The slump in the value of Indonesia’s rupiah has revived bitter memories of the 1997-98 Asian financial crisis, when a currency collapse pushed companies with large US dollar borrowings into bankruptcy, tripping up the banking sector and sending the country spiralling into political and social turmoil.
With dollar interest rates kept low by the US Federal Reserve’s quantitative easing programme, companies in Indonesia and other emerging markets have loaded up on dollar debt over the past few years.
Fears over the Fed’s plans to start winding down its monetary stimulus have battered emerging market currencies from Brazil to Indonesia.
The rupiah has been the hardest hit of Asia's main currencies since the talk of Fed tapering surfaced in late May, down nearly 13 per cent against the dollar. That has driven the cost of servicing dollar loans sharply higher at a time when Indonesian companies are already facing rapidly rising wages and input costs.
But unlike in the prelude to the late 1990s crisis, companies and banks have been more restrained about how much they borrowed and for how long, and many without dollar revenues have put in place hedging strategies.
“The size and tenor of corporate debt looks quite safe at the moment because we have learnt a lot from the 1997-98 crisis,” says Wijayanto, managing director of the Paramadina Public Policy Institute, a Jakarta-based think tank, who like many Indonesians uses only one name.
Profit margins are likely to suffer at companies with large dollar debts and rupiah revenues, while weaker companies and banks inevitably remain exposed to further significant falls in the Indonesian currency.
Property groups will probably face the tightest squeeze, according to Fitch, the rating agency. Three of the most heavily exposed large developers are Alam Sutera, Jababeka and Lippo Karawaci, which borrowed in dollars to fund projects that will generate rupiah incomes.

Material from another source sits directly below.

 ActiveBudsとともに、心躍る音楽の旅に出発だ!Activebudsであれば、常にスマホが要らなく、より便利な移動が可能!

Even so, they have currency hedges in place and were fortunate with their timing, closing key fund-raisings in the first half of the year when the cost of borrowing was lower. “These companies have a good maturity profile on their debt and while their profit margins will decrease they will still be very comfortable,” says Erlin Salim, a Jakarta-based analyst at Fitch.

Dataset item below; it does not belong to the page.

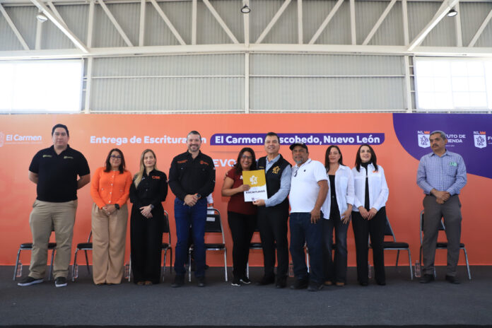 El Carmen, Nuevo León.– El Instituto de la Vivienda de Nuevo León realizó la entrega de 332 escrituras a familias de los municipios de El Carmen y General Escobedo, como parte de las acciones para fortalecer la certeza jurídica y la regularización patrimonial en el estado.

As investors have grown skittish over the country’s economic vulnerabilities, despite a recent rally, Indonesian international corporate bonds have lost 7.2 per cent since mid-May, sending the average yield up to 8.23 per cent, from 6.33 per cent at the start of the year. The average yield for dollar-denominated emerging market corporate debt is 6.23 per cent.

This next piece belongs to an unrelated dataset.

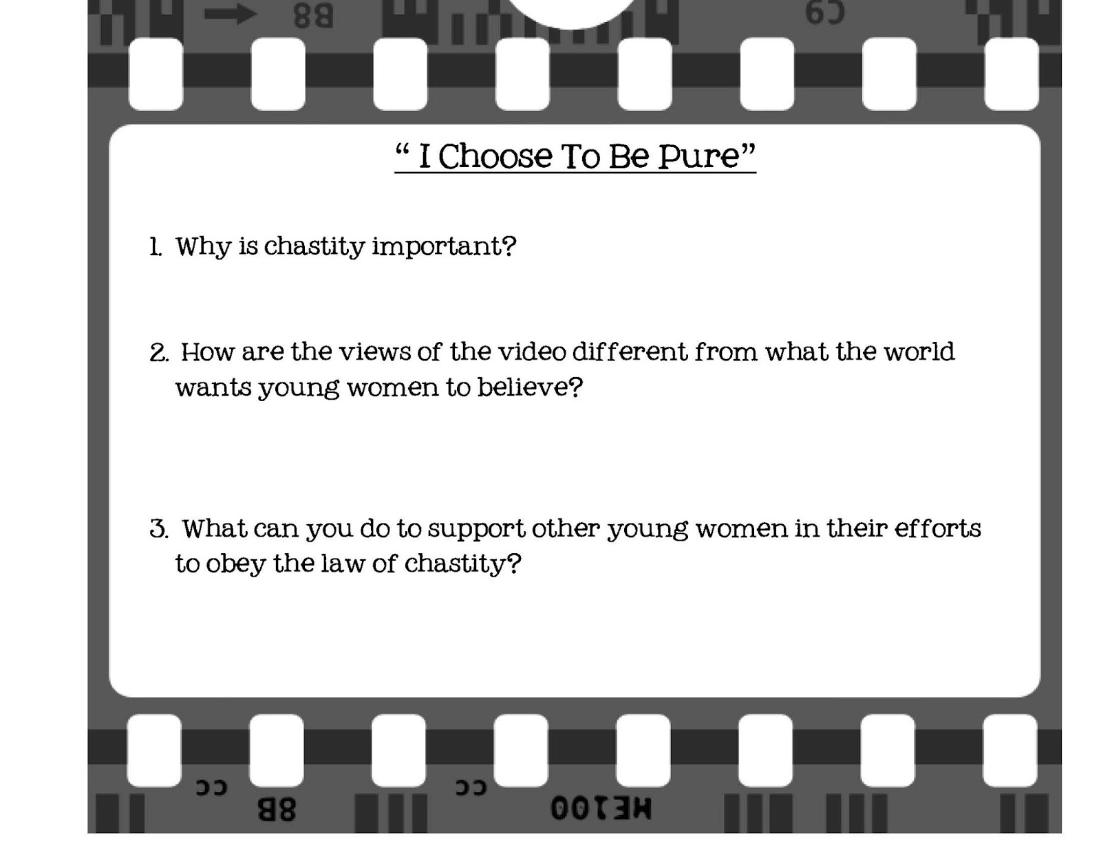 I encourage you to prayerfully consider and ponder the points from this lesson that are age-appropriate and towards the needs of your Young Women. This is definitely a “loaded” question and very important question to cover with the youth of today. I feel Satan and his followers are working double time to get to the youth of today, and unfortunately it’s through this avenue of Chastity that many of our youth take off their armor of God.

Some companies are better placed than others to ride out the storm. Those with dollar revenues such as coal exporters Adaro Energy and Indika Energy have a ready source of foreign exchange to repay their debts.
Others facing a significant foreign currency mismatch such as Kalbe Farma, a pharmaceutical producer, and agri-food group Japfa Comfeed Indonesia, have market-leading positions in Indonesia and should be able to pass on some of these higher costs to customers over the next 12 months, says Ms Salim.
Some of the highly leveraged had already run into difficulties before the recent turbulence. Bakrieland Development, part of the business empire run by the influential Bakrie family, is facing legal action from a group of hedge funds who say the company has defaulted on a $155m bond.
In the banking sector, unhedged foreign currency exposure on average accounts for only 2 per cent of banks’ capital, according to Fitch. With capital adequacy ratios at about 18 per cent and gross non-performing loans at about 2 per cent, the sector looks resilient.
The chief executive of one local bank warns, though, that the relative strength of Indonesia’s “big four” lenders – Bank Mandiri, Bank Central Asia, Bank Negara Indonesia and Bank Rakyat Indonesia, which control more than 40 per cent of loans and deposits – could be masking weaknesses at some smaller banks.
With the outlook for the rupiah uncertain, Indonesian companies are not out of the woods quite yet, says Sarvesh Suri, country manager for the International Finance Corporation, the World Bank’s private sector lending arm.
But for now, investors’ greatest concern will be falling profit margins rather than a potential systemic corporate collapse.